Doch ich folgte der Lehrerin nicht. Und meine Augen waren nun auf die trübe Flüssigkeit im Glas gerichtet. Ich betrachtete die gelbliche Substanz und die scheinbar mit der Flüssigkeit vermischten Fragmente des Gehirns. Dann zog sich mein Interesse tief in die Linien des Gehirns, die Umrisse, die nicht entzifferbare Farbe, die Dicke, seine Größe, und es fehlte mir nur das Gewicht, die Temperatur und das Gefühl zu empfinden.

Ich öffnete das Glas, steckte die Hand hinein und nahm das Gehirn.
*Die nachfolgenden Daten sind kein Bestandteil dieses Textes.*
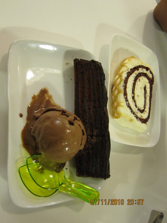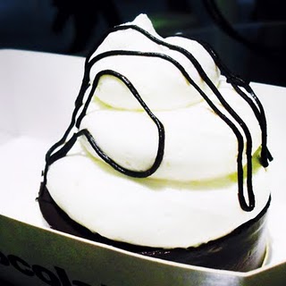 My friend and I shared a Cold Poached Chocolate with Kahlua cream ($6.50 each), and while we both enjoyed it, we felt that the chocolate base was a tad too decadent for our palates. A liquid chocolate mix is poured into molds on a cold marble slab and left to solidify to form a circular base, with a texture akin to a rich chocolate mousse. The cold slab of chocolate is then topped with a generous drift of whipped cream lightly spiked with your choice of liqueur- flavors include Bailey's Irish Cream, butterscotch and Kahlua.I guess this dessert is best suited for die-hard chocoholics!…查看更多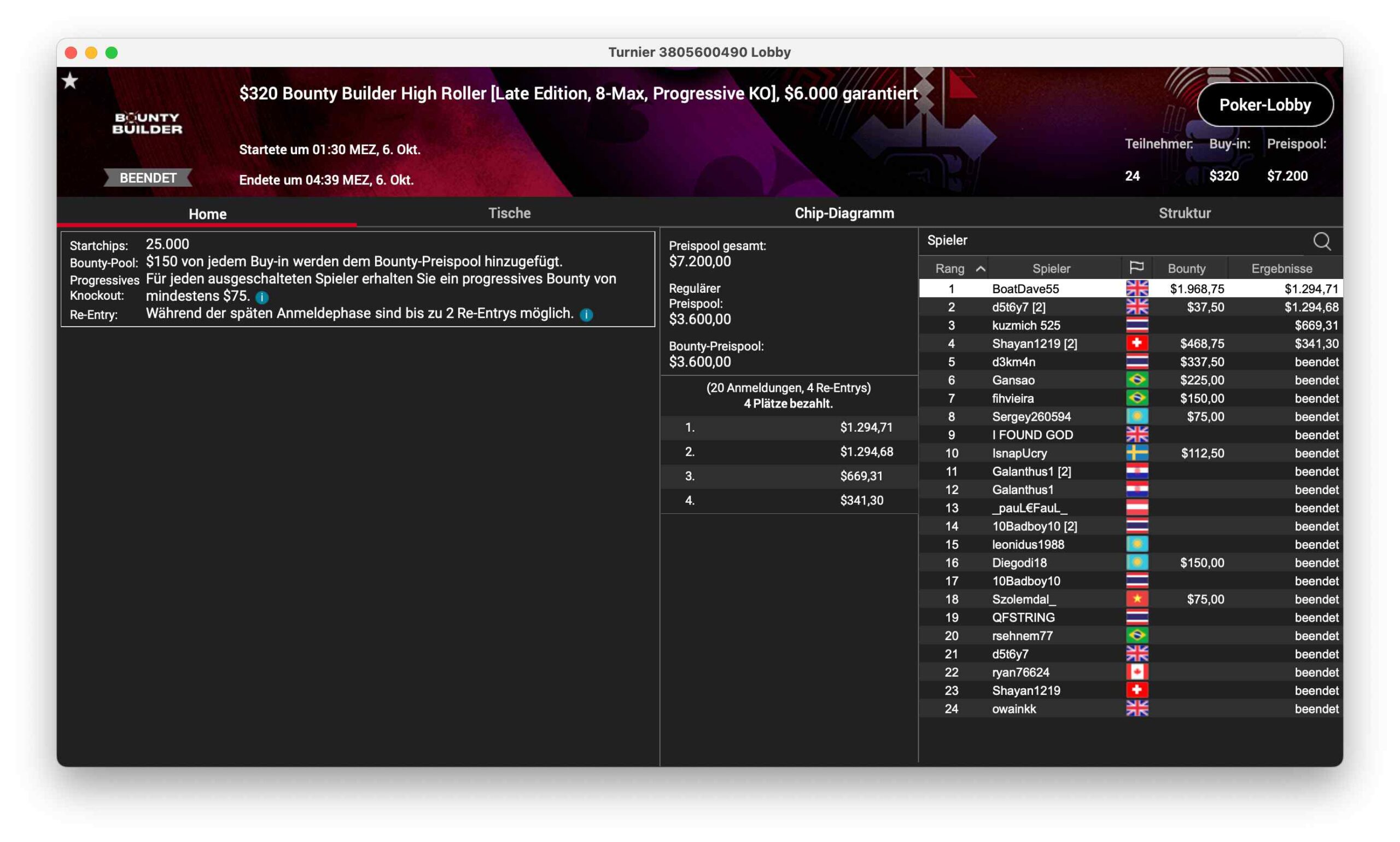 Das $320 Bounty Builder HR hatte 24 Entries und $7.200 Preispool. „BoatDave55“ aus dem Vereinigten Königreich schnappte sich den Sieg und $1.968 + $1.294. „Shayan1219“ wurde hier Vierter für $468 + $341.

Erst mit der rechten, dann mit der anderen Hand. Die ganze ovale Form hatte ich in meinen Händen. Ich nahm es dicht ans Ohr und dachte, etwas gehört zu haben, ein nicht zu entzifferndes Geräusch von Unermesslichkeit wie das, was wir in der Meeresschnecke hören. Ich dachte daran, es zu riechen, aber mir fiel ein, dass der Duft nicht das Original sein würde. Für einen langen Moment starrte ich auf das Gehirn in meinen Händen, ich wollte es von dem starken Geruch wegwaschen, der meinen Blick störte. Mitleid fühlte ich, und trotz des Geruchs umarmte ich es, lehnte es an meine Brust, nah an mein Herz und mit dem Kopf gesenkt, bedeckte ich es mit der linken Wange.

So war ich, fast am Weinen, als die Lehrerin plötzlich ins Labor kam und blitzend rief: Was machst du da?

Der Schock war so tief, dass sich meine Arme in Panik lösten und das Gehirn auf den Boden fiel.